抱かれた時に兵四郎が、低く甘い声で名前を呼んできたことを思い出した。
その時と同じ、優しさに満ちた口調であることに、真之介は動揺した。
ふいに、背中に温もりを感じた。
驚いて顔を向けると、兵四郎が寄り添うように座っていた。
咄嗟に壁伝いに身体をずらし、真之介は叫んだ。
「なんだっ、殿様!何してる」
「何って、おぬしが来ないから、俺が来たんだ」
追うようにまた身体をくっつけて、兵四郎がとぼけて言った。
「別に、来なくていい」
「だが、こうしてくっついたほうが温かいだろう」
「い、いらん世話だ!こら、寄るなったら」
「なんだ、つれないなあ。仙石、そう言うな」
くっついては離れてを繰り返し、やがて角に行き着いた。
目の前が板壁になり、真之介ははっと後ろを向いた。
すると、抱えた刀ごと兵四郎に抱きすくめられた。
367:続・じゃじゃ馬ならし 前編 4/9
10/10/04 09:20:11 EPDpbx76O
「と、と、殿様!?なっ、何しやがる」
「仙石、蛇だ」
「……嘘つけ!その手に乗るかっ」
「はは、ばれたか」
当たり前だ、とぼやきながらも真之介は暗いお堂の中を見渡し、何もいないことを確かめた。

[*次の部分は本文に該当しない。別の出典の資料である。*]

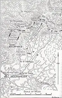Four Ottoman divisions fought in the area: the 19th, 24th and 27th Divisions, and the 3rd Cavalry Division.[29][30] During the battle on 31 October, the Ottoman III Corps headquarters had retreated from Beersheba to Tel es Sheria but, the next day (1 November), moved to support the defence of the Jerusalem road from Edh Dhahriye. They were followed by the 143rd Regiment (24th Division) and 1,500 rifles of the Beersheba Group, which had been reorganised at Tel es Sheria. This latter group moved to defend Tel el Khuweilfe.[31] On 1 November, the 125th Regiment (16th Division) also moved west into the hills coming under the command of the 27th Division, while the 6th Cavalry Regiment covered the Ottoman left flank to Yutta.[32] Kress von Kressenstein also sent the 19th Division to reinforce the Seventh Army in the area.[29] This strong Ottoman presence defending the area was designed to encourage Allenby to commit more units to the attack, to take the pressure off the Ottoman forces defending Gaza and Sharia, and to lessen the possibility of an EEF breakthrough.[33][Note 3]

そして腕から逃れようと、兵四郎の胸を押して身をよじった。
「殿様、なんだ、なんのつもりだっ」
「うん、また温めてやろうと思ったんだがおぬし、けっこう温かいな」
「酒のおかげだ。余計な心配しなくていいから、あっちで寝ろ、殿様!」
「そうか。だが俺は、少し寒い」
「知るか!酒飲め」
もがくのを押さえながら兵四郎は真之介の身体を撫で、耳元に囁いてねだった。
「酒はもうなくなった。だから仙石、おぬしの熱を分けてくれ」
「いやだ、駄目だ。やらん、絶対にやらん」
触れんばかりに唇を寄せ、耳元に囁く甘い声音に、真之介はぞくんと身体を震わせた。
がっしりと腕を回した兵四郎は、真之介を捉えて離さない。
兵四郎の身体もまた熱くなっていて、包み込まれるような心地良さに、真之介はしばし抵抗を忘れた。
「仙石、胸がせわしく鳴ってるな」
「……おぬしが、おかしな真似をするからだ。もうあったまったろう、離せ、殿様」
「いや、朝までこうしていたいな」
「ふ、ふざけるなっ。なんで俺が、おぬしと……うわ、ま、待て、んんっ!」
兵四郎は笑って、喚きかけた唇に唇を合わせて塞いだ。
ふいを突かれて口を吸われ、真之介は焦った。
肩を強く抱き、頭を壁に押し付けるようにして真之介の動きを封じ、兵四郎は舌を差し入れ、酒の香りのする口内を味わった。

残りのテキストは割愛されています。